Data shown.
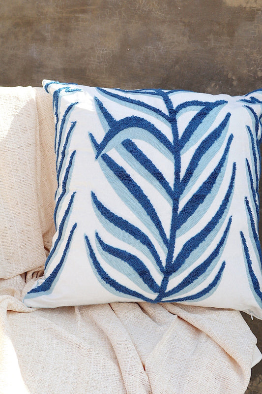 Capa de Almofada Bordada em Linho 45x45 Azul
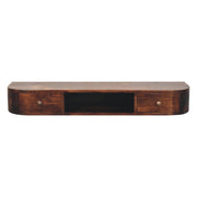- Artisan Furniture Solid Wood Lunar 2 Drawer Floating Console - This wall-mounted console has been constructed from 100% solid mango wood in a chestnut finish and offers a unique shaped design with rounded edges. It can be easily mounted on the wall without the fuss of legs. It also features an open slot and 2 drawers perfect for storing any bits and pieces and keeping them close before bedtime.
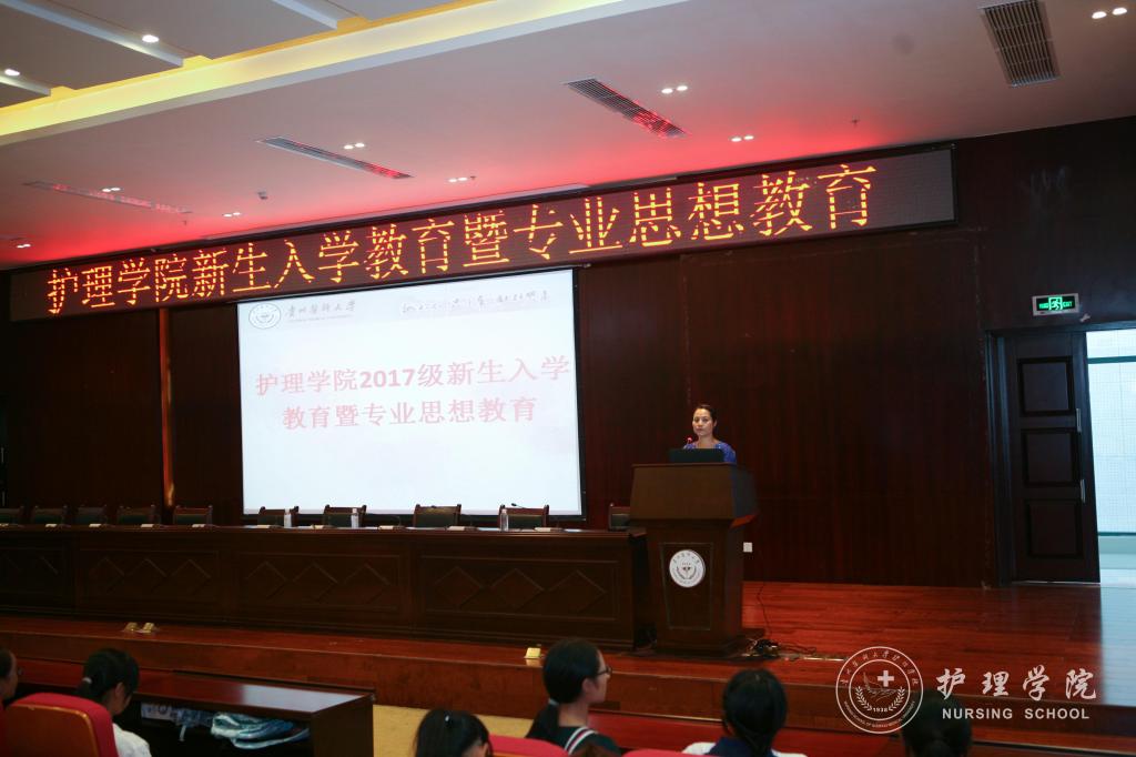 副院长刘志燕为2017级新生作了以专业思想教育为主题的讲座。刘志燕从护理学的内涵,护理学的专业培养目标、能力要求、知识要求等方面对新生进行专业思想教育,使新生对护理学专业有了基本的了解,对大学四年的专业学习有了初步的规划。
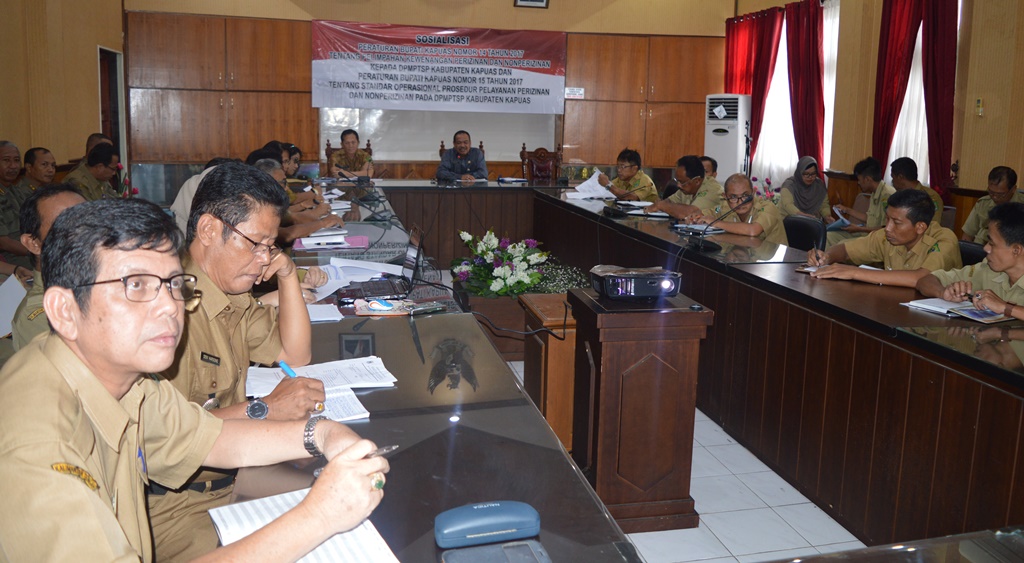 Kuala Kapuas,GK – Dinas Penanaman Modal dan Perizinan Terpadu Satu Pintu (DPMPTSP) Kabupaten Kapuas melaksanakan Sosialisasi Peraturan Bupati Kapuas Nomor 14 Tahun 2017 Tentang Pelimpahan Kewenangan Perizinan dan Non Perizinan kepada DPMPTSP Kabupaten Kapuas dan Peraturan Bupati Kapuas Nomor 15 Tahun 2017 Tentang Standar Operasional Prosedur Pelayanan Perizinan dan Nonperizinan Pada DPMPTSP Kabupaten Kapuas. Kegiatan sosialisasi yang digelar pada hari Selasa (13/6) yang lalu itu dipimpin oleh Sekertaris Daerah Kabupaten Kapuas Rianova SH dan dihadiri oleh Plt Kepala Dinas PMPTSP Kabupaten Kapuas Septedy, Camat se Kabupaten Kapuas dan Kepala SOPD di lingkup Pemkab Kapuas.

Exercise objective.
Leaving the pictures out, output all of the listing exactly.

Solution to the exercise.
 Capa de Almofada Bordada em Linho 45x45 Azul
- Artisan Furniture Solid Wood Lunar 2 Drawer Floating Console - This wall-mounted console has been constructed from 100% solid mango wood in a chestnut finish and offers a unique shaped design with rounded edges. It can be easily mounted on the wall without the fuss of legs. It also features an open slot and 2 drawers perfect for storing any bits and pieces and keeping them close before bedtime.
 副院长刘志燕为2017级新生作了以专业思想教育为主题的讲座。刘志燕从护理学的内涵,护理学的专业培养目标、能力要求、知识要求等方面对新生进行专业思想教育,使新生对护理学专业有了基本的了解,对大学四年的专业学习有了初步的规划。
 Kuala Kapuas,GK – Dinas Penanaman Modal dan Perizinan Terpadu Satu Pintu (DPMPTSP) Kabupaten Kapuas melaksanakan Sosialisasi Peraturan Bupati Kapuas Nomor 14 Tahun 2017 Tentang Pelimpahan Kewenangan Perizinan dan Non Perizinan kepada DPMPTSP Kabupaten Kapuas dan Peraturan Bupati Kapuas Nomor 15 Tahun 2017 Tentang Standar Operasional Prosedur Pelayanan Perizinan dan Nonperizinan Pada DPMPTSP Kabupaten Kapuas. Kegiatan sosialisasi yang digelar pada hari Selasa (13/6) yang lalu itu dipimpin oleh Sekertaris Daerah Kabupaten Kapuas Rianova SH dan dihadiri oleh Plt Kepala Dinas PMPTSP Kabupaten Kapuas Septedy, Camat se Kabupaten Kapuas dan Kepala SOPD di lingkup Pemkab Kapuas.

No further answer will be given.